Exercise brief => Only one stretch of the data below is needed. Output the lines from the one with "15.00 – spotkanie" up to and including the one with "Туристы, увлеченные эзотерикой, и", exactly as they stand.
[[ Data open ]]
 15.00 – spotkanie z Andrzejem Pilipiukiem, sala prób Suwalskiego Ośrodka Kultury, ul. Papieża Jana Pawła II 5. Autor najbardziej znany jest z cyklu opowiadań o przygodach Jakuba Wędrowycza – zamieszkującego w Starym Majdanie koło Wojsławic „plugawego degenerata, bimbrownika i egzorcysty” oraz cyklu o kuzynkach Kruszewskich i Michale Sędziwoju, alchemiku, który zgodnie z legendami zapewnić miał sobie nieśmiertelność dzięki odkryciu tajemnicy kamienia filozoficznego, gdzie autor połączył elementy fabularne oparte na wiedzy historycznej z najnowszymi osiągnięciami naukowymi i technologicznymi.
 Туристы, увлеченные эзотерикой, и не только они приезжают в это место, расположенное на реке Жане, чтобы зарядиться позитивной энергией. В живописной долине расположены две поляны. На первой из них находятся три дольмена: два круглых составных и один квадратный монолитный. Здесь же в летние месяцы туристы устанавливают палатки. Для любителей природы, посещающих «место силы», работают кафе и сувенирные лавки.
[[ Data closed ]]
[[ Data open ]]
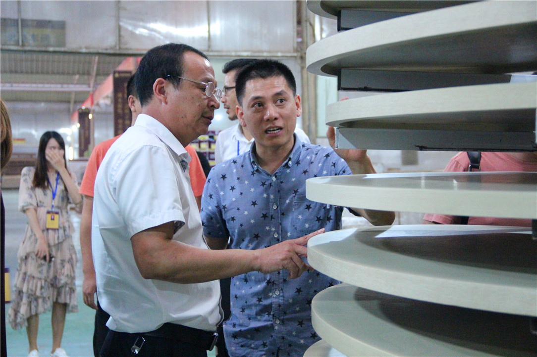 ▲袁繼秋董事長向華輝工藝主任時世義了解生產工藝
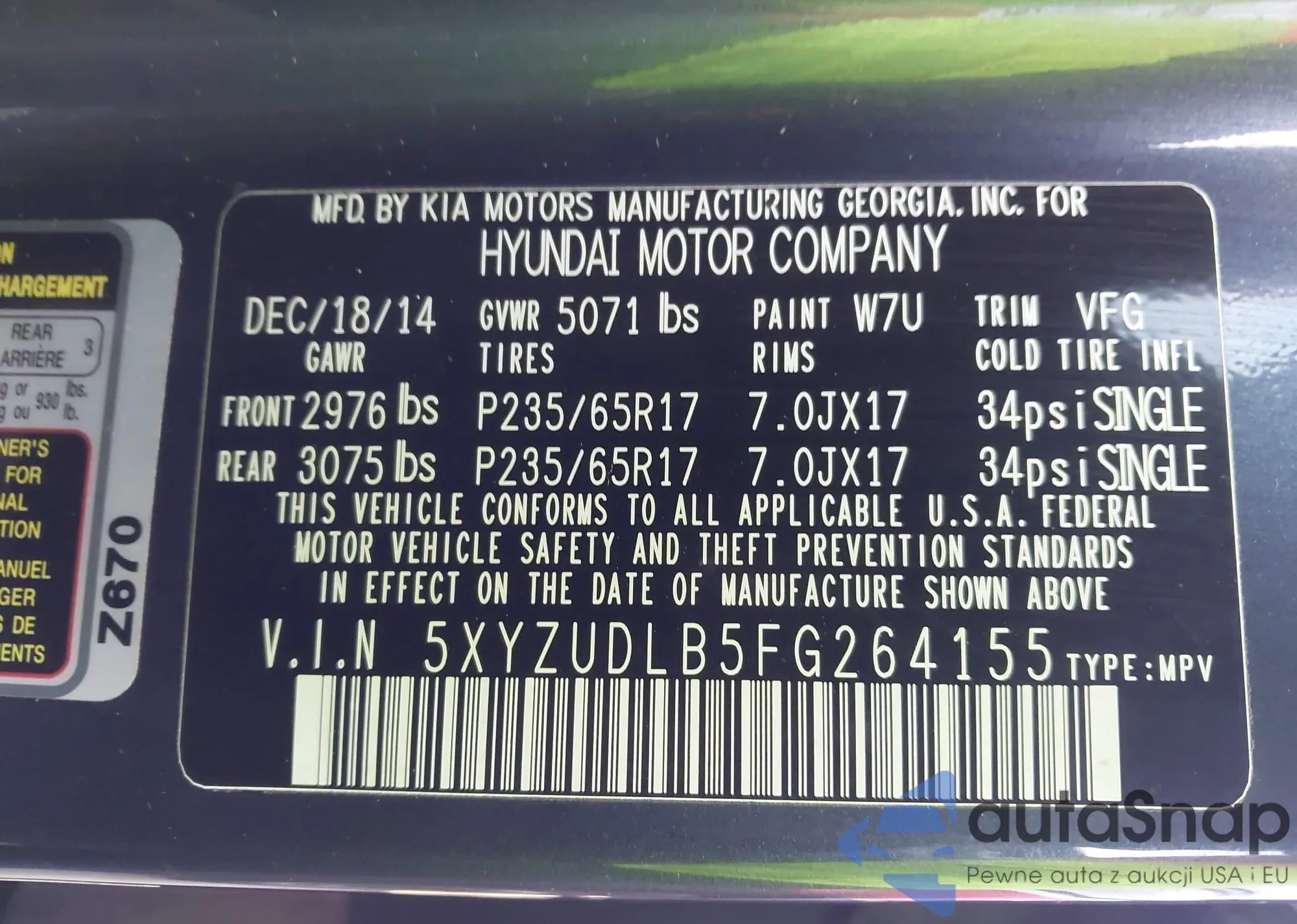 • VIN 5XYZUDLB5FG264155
[[ Data closed ]]
Answer space =>
 15.00 – spotkanie z Andrzejem Pilipiukiem, sala prób Suwalskiego Ośrodka Kultury, ul. Papieża Jana Pawła II 5. Autor najbardziej znany jest z cyklu opowiadań o przygodach Jakuba Wędrowycza – zamieszkującego w Starym Majdanie koło Wojsławic „plugawego degenerata, bimbrownika i egzorcysty” oraz cyklu o kuzynkach Kruszewskich i Michale Sędziwoju, alchemiku, który zgodnie z legendami zapewnić miał sobie nieśmiertelność dzięki odkryciu tajemnicy kamienia filozoficznego, gdzie autor połączył elementy fabularne oparte na wiedzy historycznej z najnowszymi osiągnięciami naukowymi i technologicznymi.
 Туристы, увлеченные эзотерикой, и не только они приезжают в это место, расположенное на реке Жане, чтобы зарядиться позитивной энергией. В живописной долине расположены две поляны. На первой из них находятся три дольмена: два круглых составных и один квадратный монолитный. Здесь же в летние месяцы туристы устанавливают палатки. Для любителей природы, посещающих «место силы», работают кафе и сувенирные лавки.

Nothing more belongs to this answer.